The flight had come from New York, with its passengers finally able to escape the aftermath of superstorm Sandy.
Mr Huntley, an Echuca resident, was in Manhattan when the storm — which had been downgraded from a hurricane — hit early last week.
He was only too pleased to be able to get a flight home after 19,600 flights from New York’s four main airports were cancelled during, and in the immediate aftermath, of the storm.
‘‘We were fortunate we got a flight out,’’ he said.
‘‘Thousands were still stuck.’’
Mr Huntley said there were a lot of flights leaving New York when his did on Friday night, American time (Saturday morning, Australian time).
‘‘It was chaos in the airport,’’ he said.
Mr Huntley said he and two friends he was travelling with had a chance to look around the streets of New York after the storm.
Among what he saw was the National Armed Guard moving into Manhattan’s lower east side on Thursday — about two blocks from his hotel — to help get infrastructure such as electricity and the sewerage system working again.
Traffic in the city was also starting to get back to normal after days of it being like a ghost town, he said.
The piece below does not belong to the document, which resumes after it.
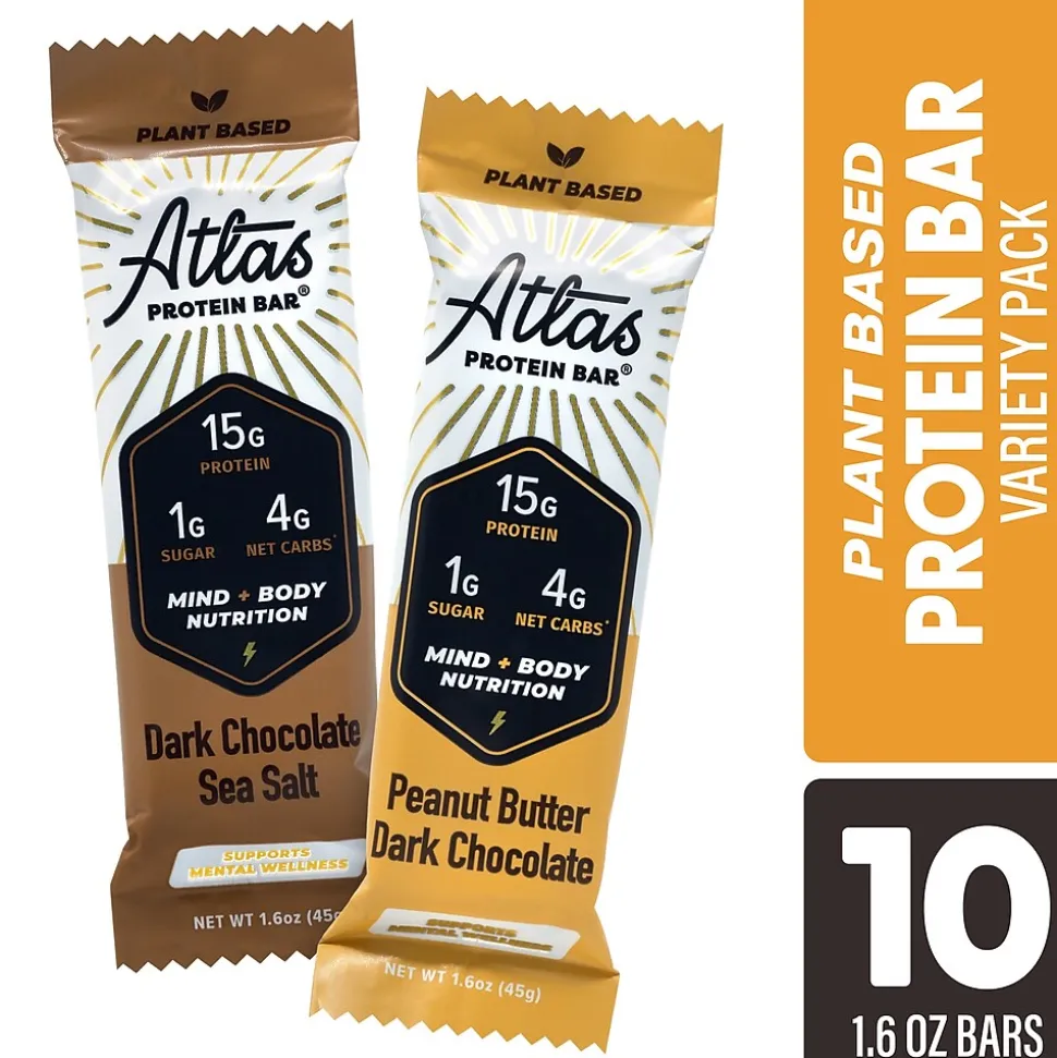 Atlas Plant Based Protein Bar Variety Pack, 1.6oz, 10 Ct

When he spoke to the Riverine Herald for an article in Friday’s paper, Mr Huntley said he had been worried about being able to get transportation to the airport.
However, he managed to find a shuttle bus from Grand Central Station that took him right there for only $15.
While taxis were running again, Mr Huntley said they were charging huge prices to get to the airport.
Relaxing at home in Echuca on Monday, Mr Huntley said he was ‘‘glad to be back’’.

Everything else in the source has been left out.